TASK STATEMENT: The data below should be printed in full, exactly, and without any of its images.
___ INFORMATION SUPPLIED ___
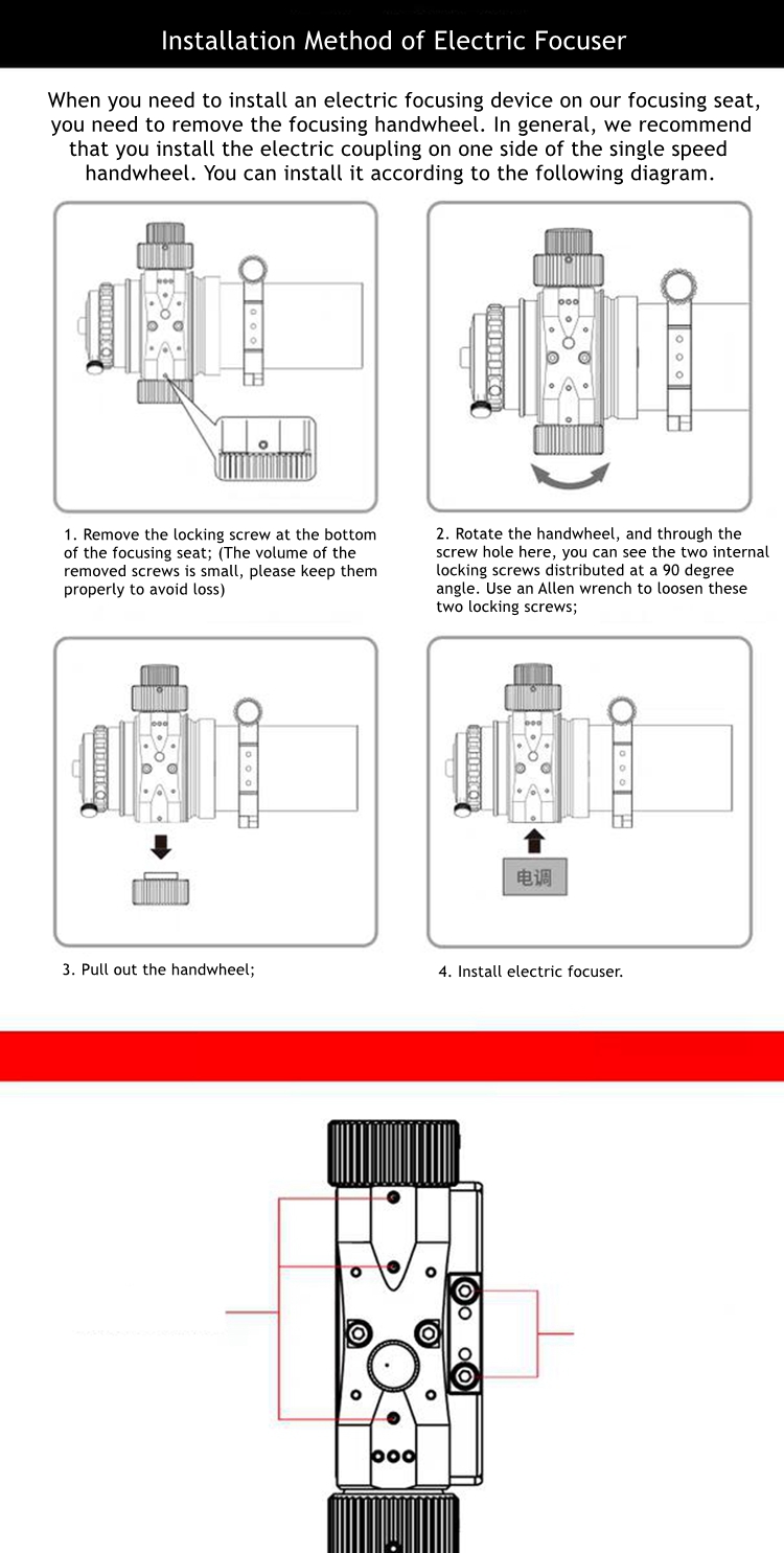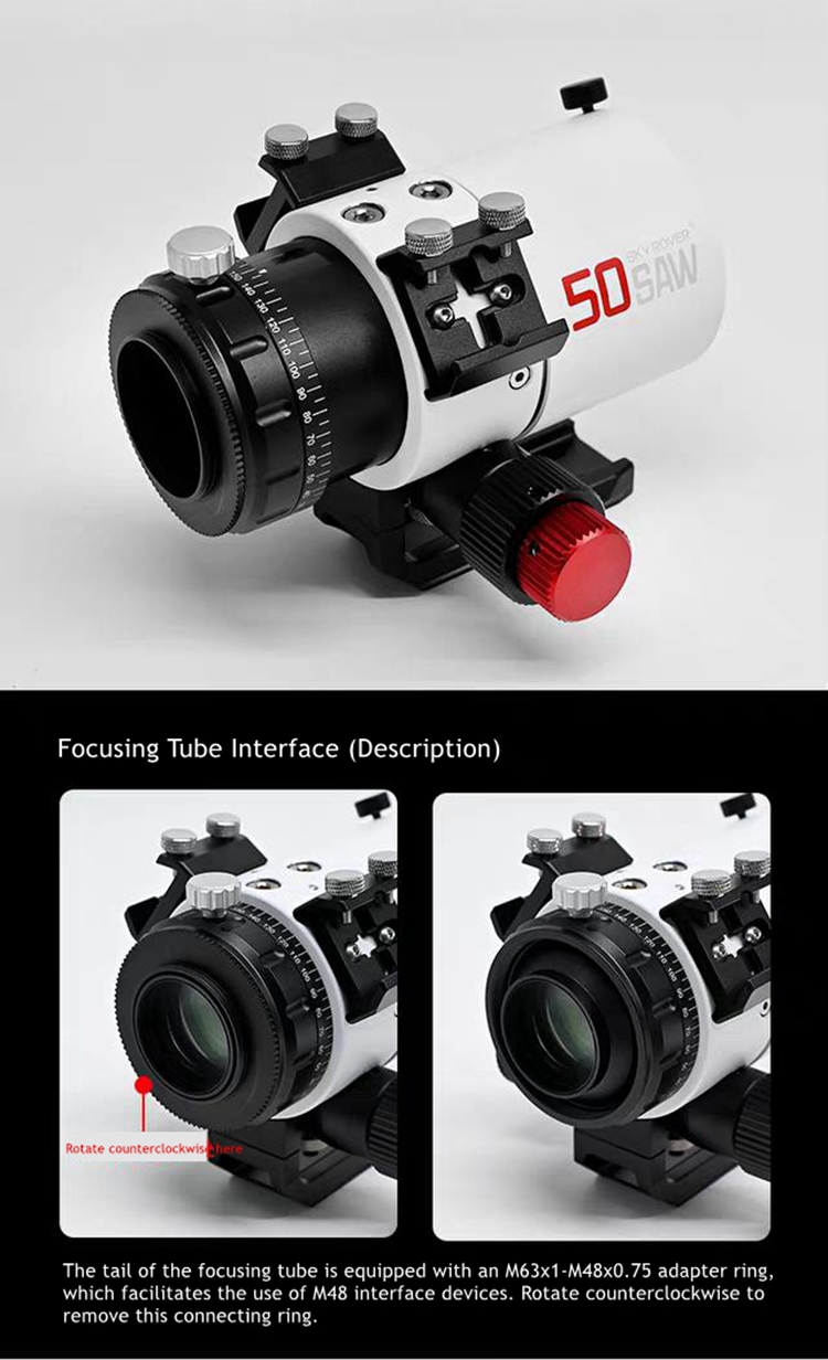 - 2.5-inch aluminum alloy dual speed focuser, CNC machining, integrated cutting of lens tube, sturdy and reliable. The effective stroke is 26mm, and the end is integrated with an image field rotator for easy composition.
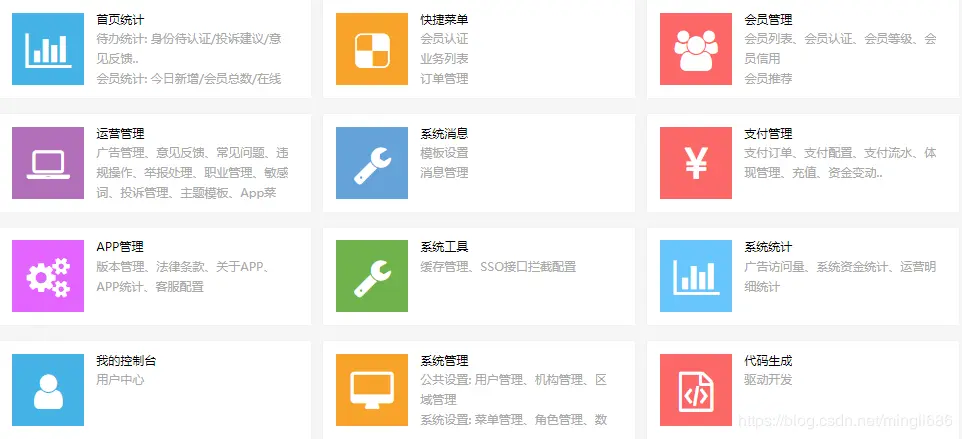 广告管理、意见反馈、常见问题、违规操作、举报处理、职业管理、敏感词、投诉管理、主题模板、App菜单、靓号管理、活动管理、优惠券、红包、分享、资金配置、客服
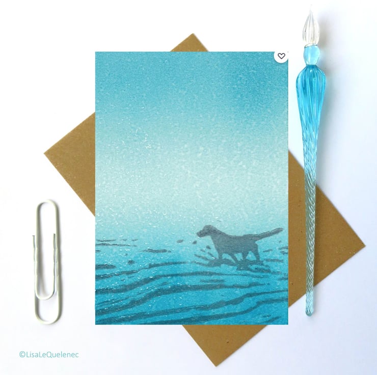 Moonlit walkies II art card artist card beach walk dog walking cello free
___
REPLY TO THE EXERCISE:
 - 2.5-inch aluminum alloy dual speed focuser, CNC machining, integrated cutting of lens tube, sturdy and reliable. The effective stroke is 26mm, and the end is integrated with an image field rotator for easy composition.
 广告管理、意见反馈、常见问题、违规操作、举报处理、职业管理、敏感词、投诉管理、主题模板、App菜单、靓号管理、活动管理、优惠券、红包、分享、资金配置、客服
 Moonlit walkies II art card artist card beach walk dog walking cello free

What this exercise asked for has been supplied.